Photovoltaic (PV) cells are increasingly used as standalone units, mostly as off-grid distributed electricity generation to power remote homes, telecommunications equipment, oil and pipeline monitoring stations and navigational devices. The Canadian PV market has grown quickly and Canadian companies make solar modules, controls, specialized water pumps, high-efficiency refrigerators and solar lighting systems.Grid-connected solar PV systems have grown significantly in recent years and reached over 1.8 GW of cumulative installed capacity by the end of 2014.

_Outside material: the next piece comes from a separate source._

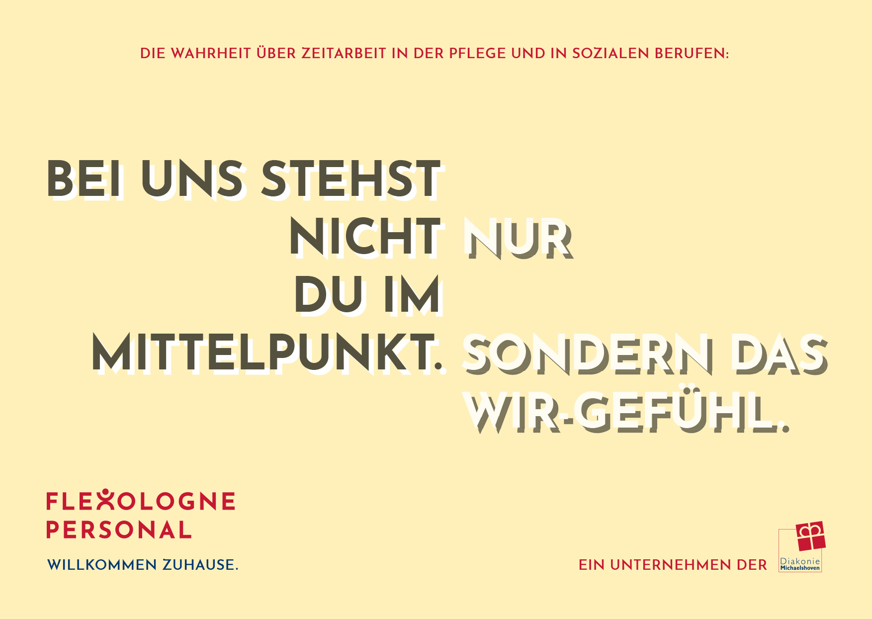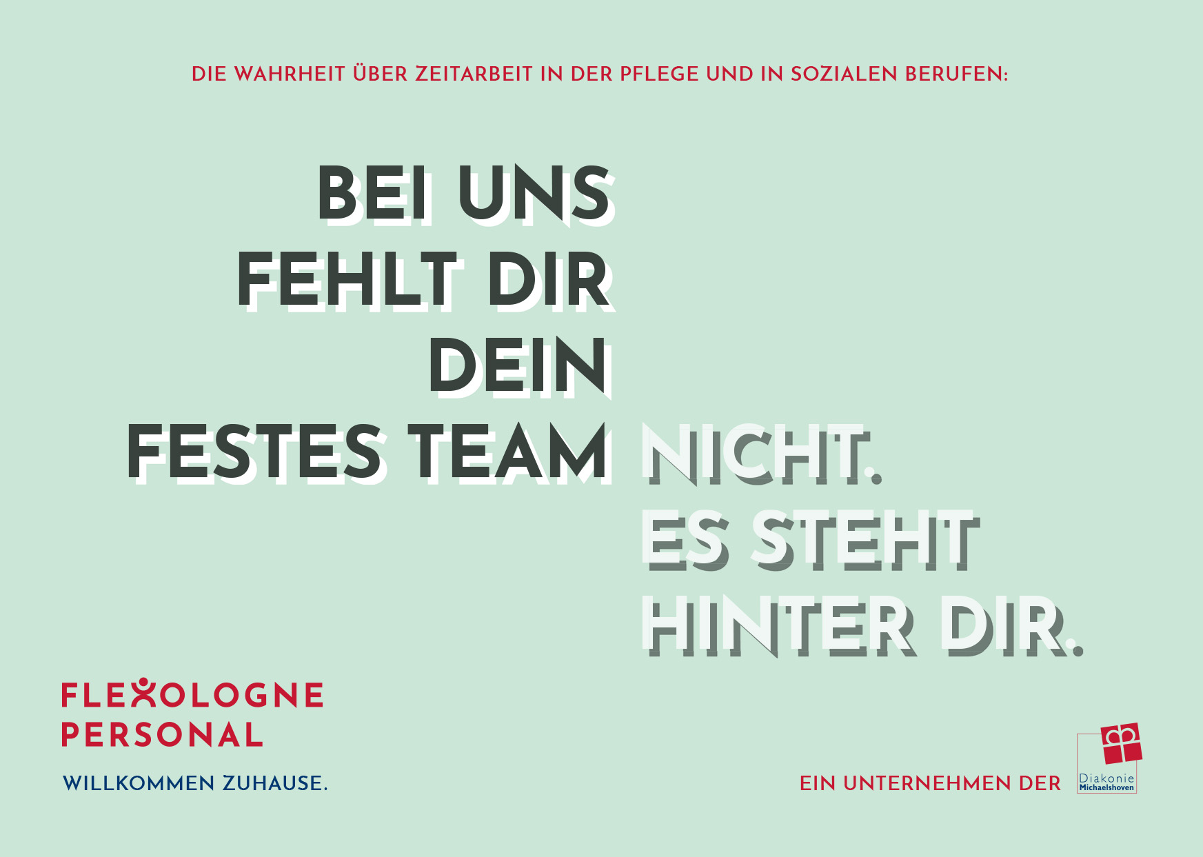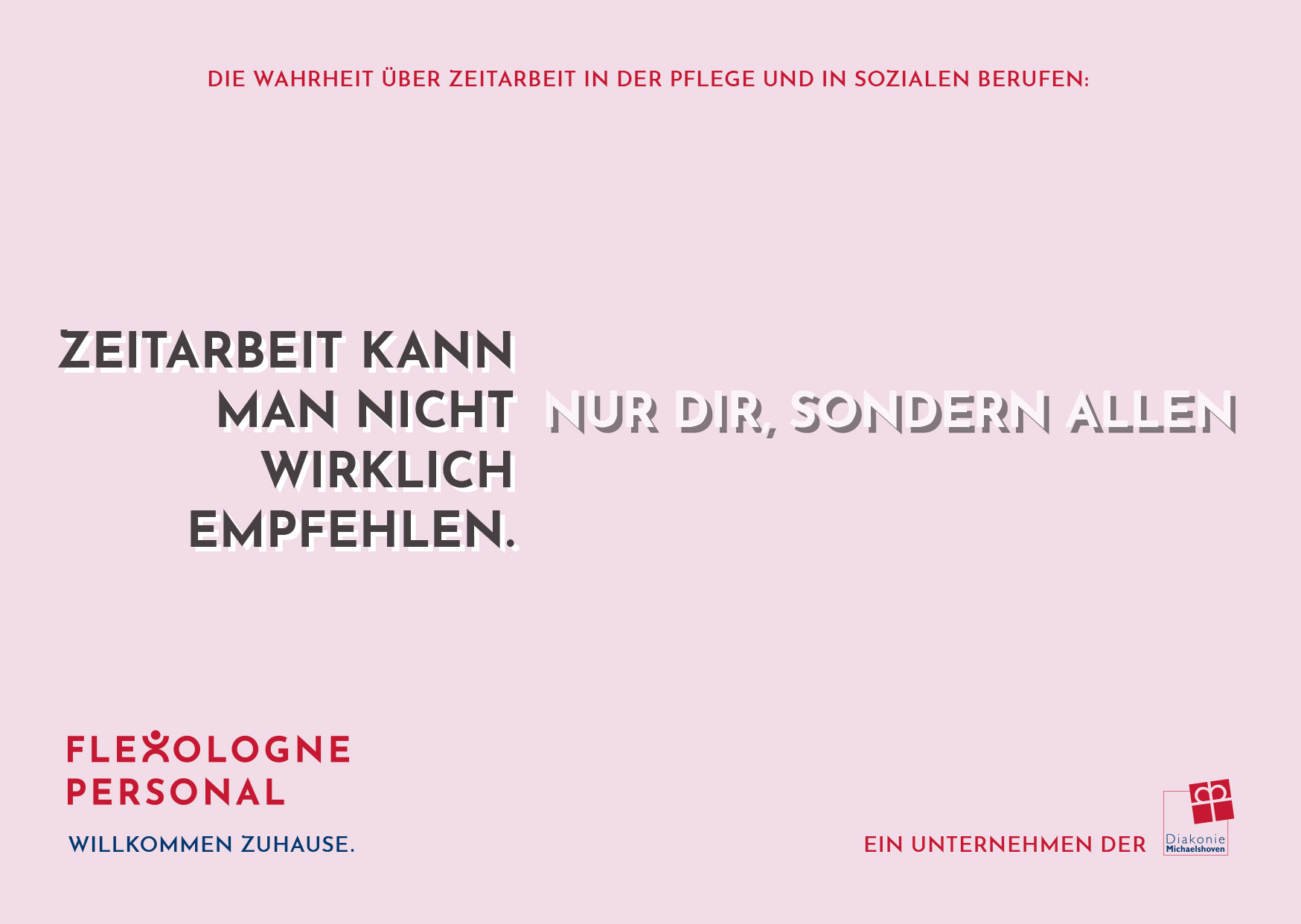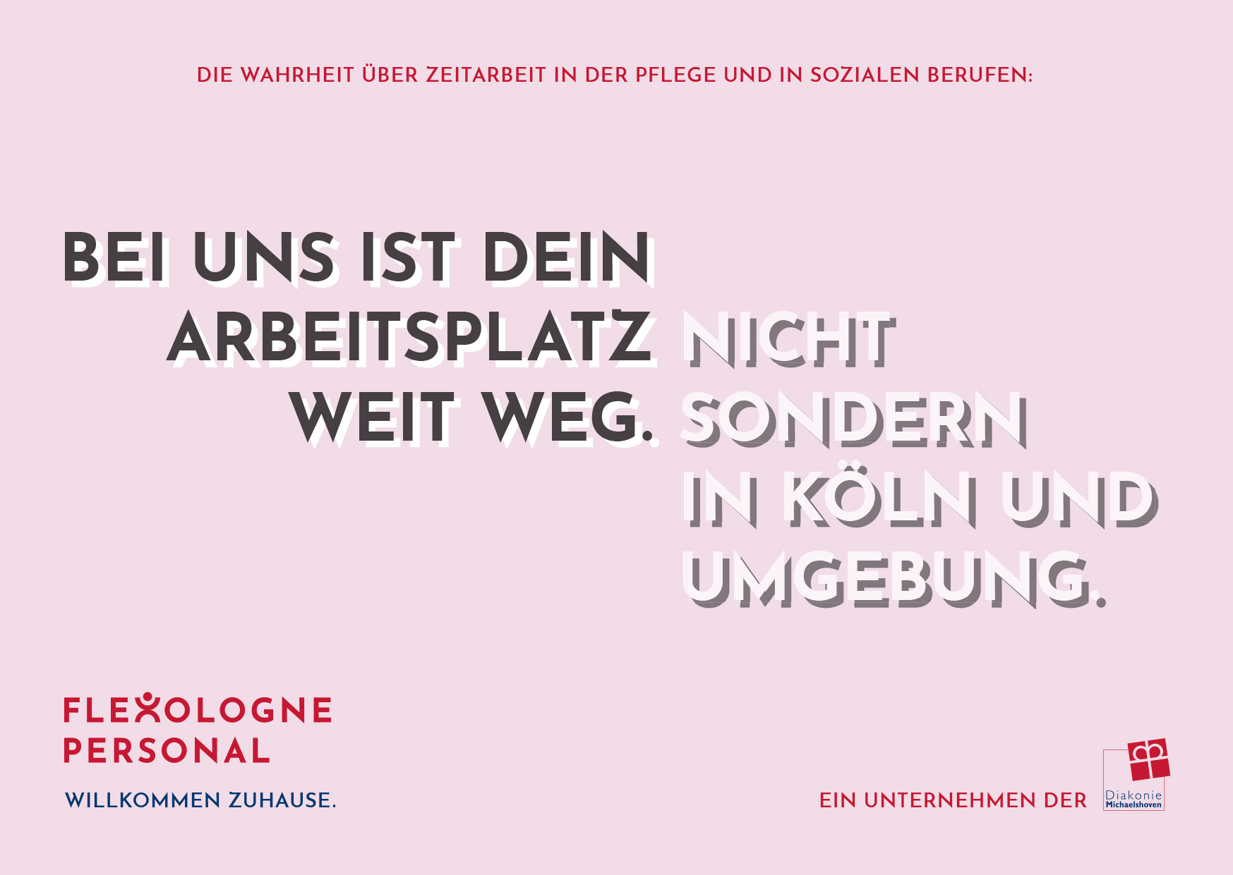 Flexologne Personal is the temporary staffing brand of Diakonie Michaelshoven, placing qualified professionals in nursing and social care roles in and around Cologne—with the aim of rethinking temp work and offering employees a true professional home. As freelancers, we developed campaign headlines built on a creative mechanic that picks up common prejudices about temporary staffing and sharply counters them with Flexologne’s value proposition. Building on that, we also conceptualized and delivered the website’s structure and copy.

Canada has plentiful solar energy resources thanks to its large area. Regions of high solar potential based on global horizontal irradiation being located in the British Columbia Interior, southern Alberta, southern Saskatchewan, southern Manitoba, Ontario, southern Quebec, New Brunswick, southern Nova Scotia, and western Prince Edward Island. The regions of highest solar potential are located in southern extremes of Alberta, Saskatchewan, and Ontario.[1] [2] [3]

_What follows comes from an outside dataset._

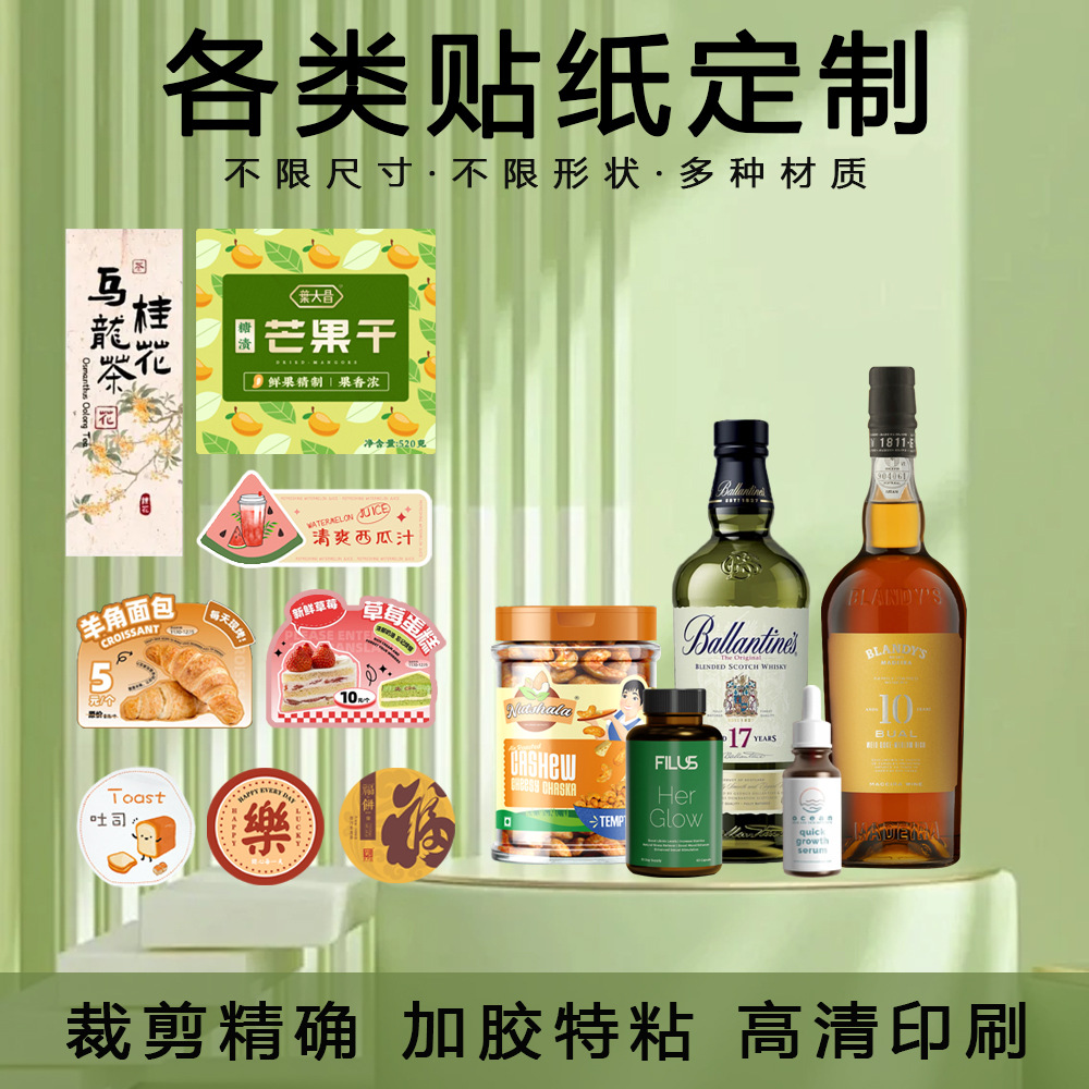 粘着ロゴシール製作商標二次元コード広告防水透明ラベル販売ミルクティーカップシール

However, the country has a relatively low level of solar irradiance due to its high latitude. This, combined with cloud cover, results in a low 6% capacity factor, compared to a 15% capacity factor in the United States.[4] The northern territories have a smaller solar potential, and less direct sunlight, because of their even higher latitude. The National Energy Board predicts that solar electricity will grow to be 1.2% of the country's total energy production by 2040.[5]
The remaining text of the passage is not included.